The Massachusetts Museum of Contemporary Art has named KRISTY EDMUNDS as director, succeeding JOE THOMPSON, who announced in August 2020 that he would step down after thirty-two years in the role. Edmunds has served as executive and artistic director of the University of California, Los Angeles's Center for the Art of Performance since 2011. Her previous roles include artistic director for the Melbourne International Arts Festival, head of the School of Performing Arts and deputy dean at the Victorian College of the Arts at the University of Melbourne, founding executive and artistic director of the Portland Institute for Contemporary Art, and inaugural consulting artistic director for the Park Avenue Armory in New York.

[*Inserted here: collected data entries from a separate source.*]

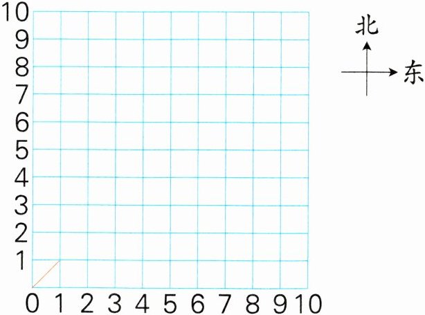 六、如图,如果一个小正方形的对角线长10 cm,则点(0,0)东偏北45°方向50 cm处是点( );点(6,4)南偏西45°方向30 cm处是点( );( )西偏北45°方向20 cm处是(5,6)。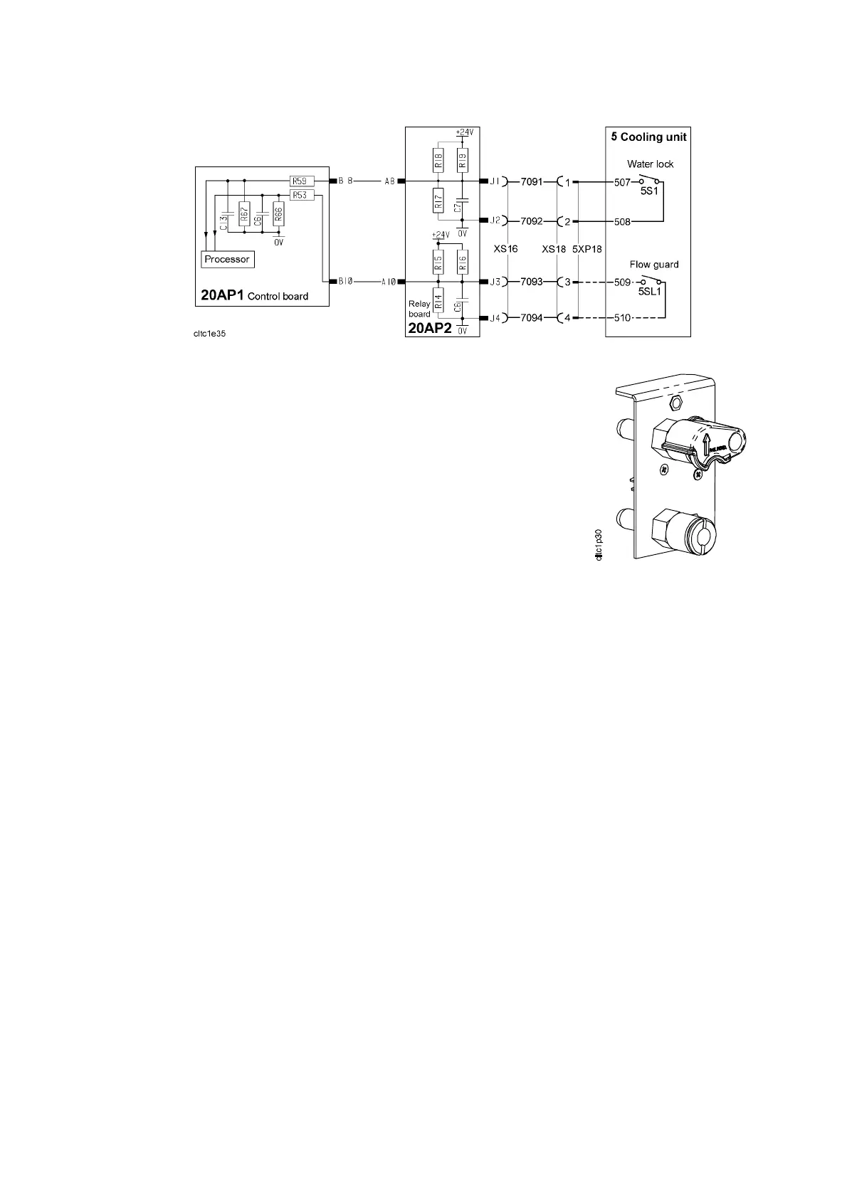 Contact 5SL1 in the flow guard closes when the water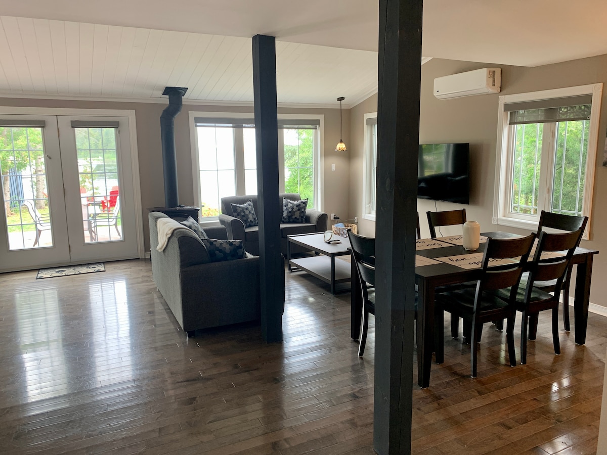 ¡Disfruta de vistas panorámicas del lago Lower Buckhorn con la familia! Relájate en el jacuzzi sobre las rocas del Escudo Canadiense, enclavado entre los altos pinos. Esta cabaña frente al mar recientemente actualizada cuenta con 3 dormitorios y un concepto de espacio de estar abierto. ¡Más de 280 pies de frente al mar para que disfrutes del amanecer y el atardecer y pesques en el muelle! Ponte en contacto con nosotros en el sofá, juega o mira las películas. Date un paseo por toda la isla. Wifi de alta velocidad para trabajar o jugar. A 6 minutos de la ciudad, a menos de 2 horas de GTA.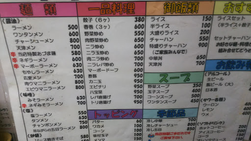 閉店後の店の裏を歩いてよく通る。 通る度に中華って感じのいい匂いが。 お店はやってないので入ったことがなかったんだけど、祝日の月曜日に初めての入店。 メニューに大盛の設定は無く、半チャーハン+300円とかっぽい。言えばやってくれるのかもしれないが。 麻婆ラーメン680円に半チャーハン+餃子3個のセット+500円と相方があづま麺650円とやらを注文。 ワンオペで店を回しているらしく、空いた皿の回収も追いついてないらしい。 20分位待ったか? エアコンが効きすぎなくらいで、体がだいぶ冷えた頃、麻婆ラーメン到着。 見た目麻婆ラーメンだが、なぜか麻婆の下には野菜餡掛けっぽいものが。 しかも豚肉、白菜、椎茸、人参、筍、マッシュルーム等、必要かどうかはともかくやけに具沢山。 こりゃ、680円のワリに手間と経費かかってんな~とか思いながら、まぁ、普通に旨い。 そして、チャーハン。 なんか、自分で作れそう!ってのが感想。 餃子はニンニクたっぷりで、中々旨い。 あずま麺は、醤油ベースのタンメン的見た目だったな。 まぁ、町中華的位置づけで、コレはコレで...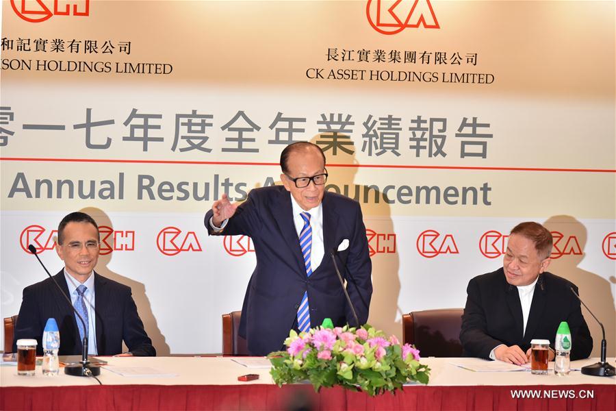 The net profit of CK Hutchison Holdings rose to 35.1 billion HK dollars in 2017, up 6 percent year-on-year. Its total revenue rose 9 percent to about 414 billion HK dollars. (1 U.S. dollar = 7.8 HK dollars)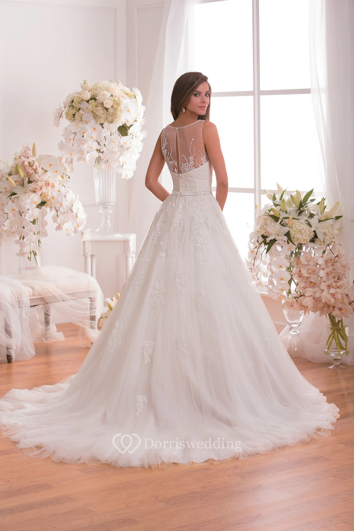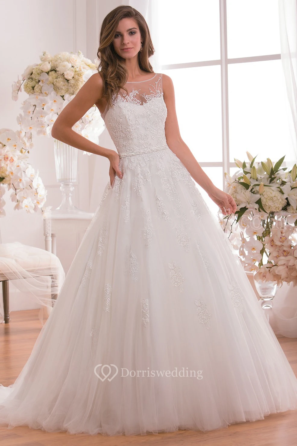 Bateau-Neck A-Line Wedding Dress With Illusion Detail And Floral Appliques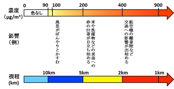 ・400μg~900μg/㎥=視程2~1km程度:航空機の離着陸など交通への影響が出る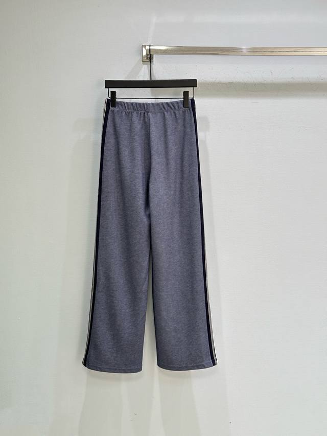25Ss Autumn New Arrival! These knitted casual pants stand out with their fabric stitching and modern attitude, redefining minimalist style with bold details such as contrasting side panels and embroidered lettering logos. A drawstring waist with an elastic waistband provides a flattering fit. Available in grey, Sml, DDD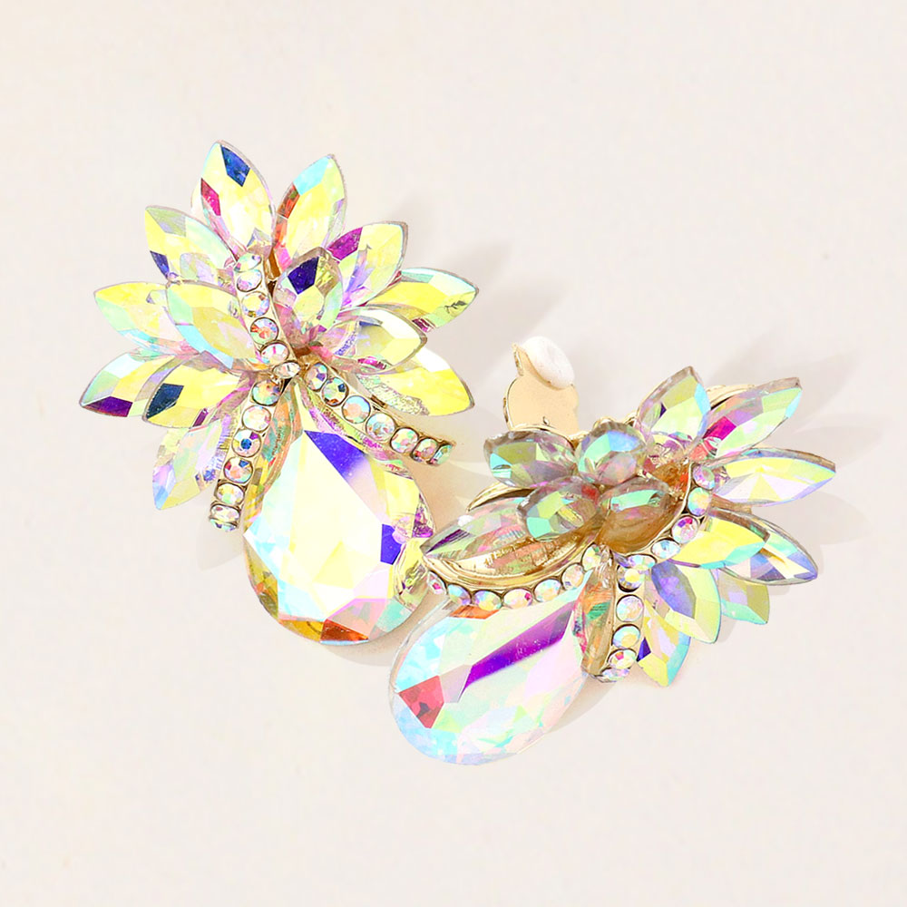 Teardrop Stone Accented Clip on Evening Earrings Teardrop Stone Accented Clip on Evening Earrings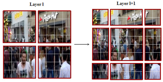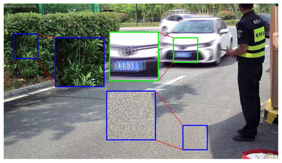 For the most widely used datasets for image deblurring, such as GOPRO [10], RealBlur [30], and Kohler [31], the motion blur is mainly generated by the shaking of the camera, and little is produced by moving targets. It is obvious that the motion blur in these datasets is different from that in the vehicle-surveillance images where the motion blur is mainly caused by the moving vehicles. In training stage, a batch of randomly cropped rectangular patches, instead of the whole images, is fed into the network as the input. For the vehicle-surveillance image as shown in Figure 5, the randomly selected patches are more probably from the clear regions (blue blanks) than from the blurry region (green blank). These patches from the background hardly produce loss and thereby affect the back-propagation to update the network, leading to unpredictable convergence of the network. Therefore, more blurry patches are expected to be selected as the input.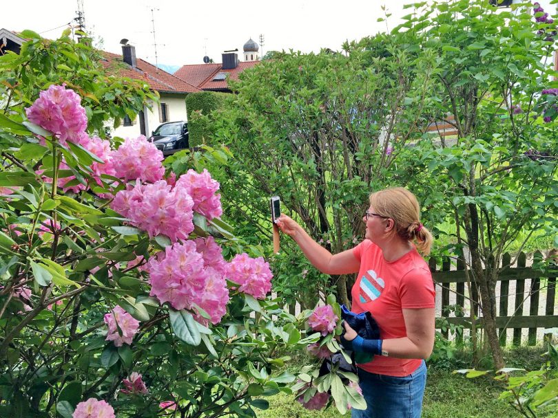 Eine besonders große und farbige Erscheinung haben die vor Pfingsten blühenden Rhododendren, die zur Pflanzengattung aus der Familie der Heidekrautgewächse gehören. Aus dem Griechischen übersetzt heißt der Name Rhododendron soviel wie „Rosenbaum“. Von der Gattung gibt es rund 1.000 verschiedene Arten. Unsere Aufnahmen entstanden in Prien-Prutdorf unweit der Pfarrkirche „Christkönig“.

The Metropolitan Museum of Art has announced that NEIL COX, a distinguished professor of modern and contemporary art at the University of Edinburgh, will join the museum in December as the head of the Leonard A. Lauder Research Center for Modern Art. An authority on Cubism, Cox brings to this role a deep knowledge of the fields at the heart of the center's mission as well as decades of experience in the public sphere, collaborating with museums, leading institutional research projects and educational initiatives, and mentoring graduate students.

The Wikimedia Foundation has announced the election of three new members to the Wikimedia Endowment board: former board member PHOEBE AYERS, who currently serves as librarian for electrical engineering and computer science, IDSS, and mathematics at the Massachusetts Institute of Technology; former board chair PATRICIO LORENTE, general secretary of administration of the National University of La Plata in Argentina; and DORON WEBER, vice president of programs at the Alfred P. Sloan Foundation. The foundation also announced that the endowment has reached its initial $100 million fundraising goal ahead of schedule.